U.S. consumers were slightly less pessimistic about the economy and their personal finances in the latest poll from Investor's Business Daily and TIPP, a unit of TechnoMetrica Market Intelligence.


The IBD/TIPP Economic Optimism Index rose 2%, posting 46 points in September from 45.1 points in August. Readings above 50 indicate optimism, while those below 50 indicate pessimism.

The latest results were based on a national poll of 904 adults from Aug. 24 to Aug. 28, with a margin of error of 3.3 percentage points.

The index is 0.9 points below its 12-month average of 46.9 points, but above its reading of 44.4 in December 2007, when the economy entered the recession.
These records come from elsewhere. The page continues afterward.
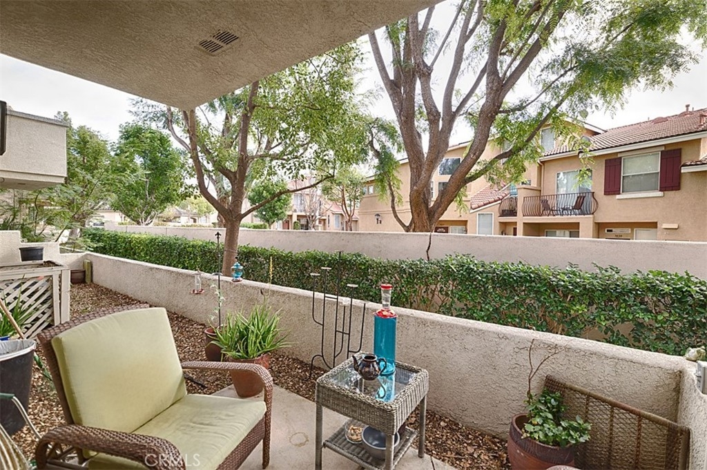Desirable ground floor two bedroom two bathroom located in the gated community of Viewpointe North. Popular floor plan includes sizable patio extending from living room to master bedroom. Spacious living room , fireplace, and sliding glass door to access private patio. Dining room is open to the living room. Master bedroom with sliding door access to private patio. Master bathroom includes new quartz dual sink vanity, walk-in closet, and bathtub/shower combo. Convenient indoor laundry closet suitable for full sized washer and dryer. One car attached garage with direct access, one covered carport, and a driveway offering additional parking space. Viewpointe North offers two pools, five spas, clubhouse, and two gated entrances to community. Award winning Anaheim Hills schools. Nearby convenient shopping, restaurants and freeway access.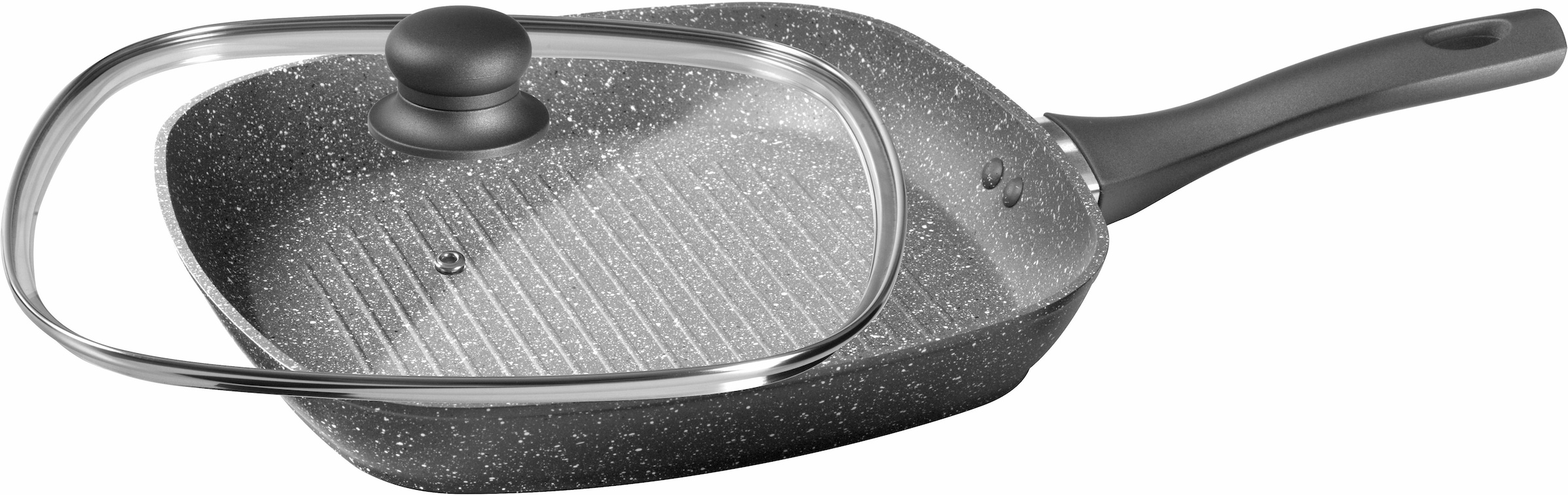 CS Kochsysteme by Carl Schmidt Sohn Grillpfanne »Emden« aus geschmiedetem Aluminium mit keramischer, marmorierter Procalon®Antihaftbeschichtung und ergonomisch geformtem Soft-Touch-Griff. Ideal für fettarmes Kochen und Braten. Incl. Glasdeckel. Gr. 28 x 28, 4 cm. Für alle Herdarten, auch für Induktion geeignet.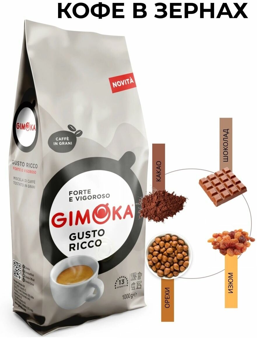Кофе зерновой GIMOKA Gusto Ricco средняя обжарка 1000 гр Gusto Ricco, 1000 гр.

"Despite a modest improvement in confidence, to many, the weak economic recovery continues to feel like a recession," said Raghavan Mayur, president of TIPP. "For example, 58% think that the U.S. is still in a recession. While 51% feel the economy is improving, 48% think the economy is not improving. Twenty-five percent of households have at least one person looking for full-time employment."

The six-month economic outlook, a measure of how consumers feel about the economy's prospects in the next six months, was up 0.2% to 45.9 points.

The personal-finance outlook, a measure of how Americans feel about their own finances in the next six months, rose 0.9% to 54.3 points.

Confidence in U.S. economic policies, a gauge of views regarding how government economic policies are working, was up 5.6% to 37.8 points.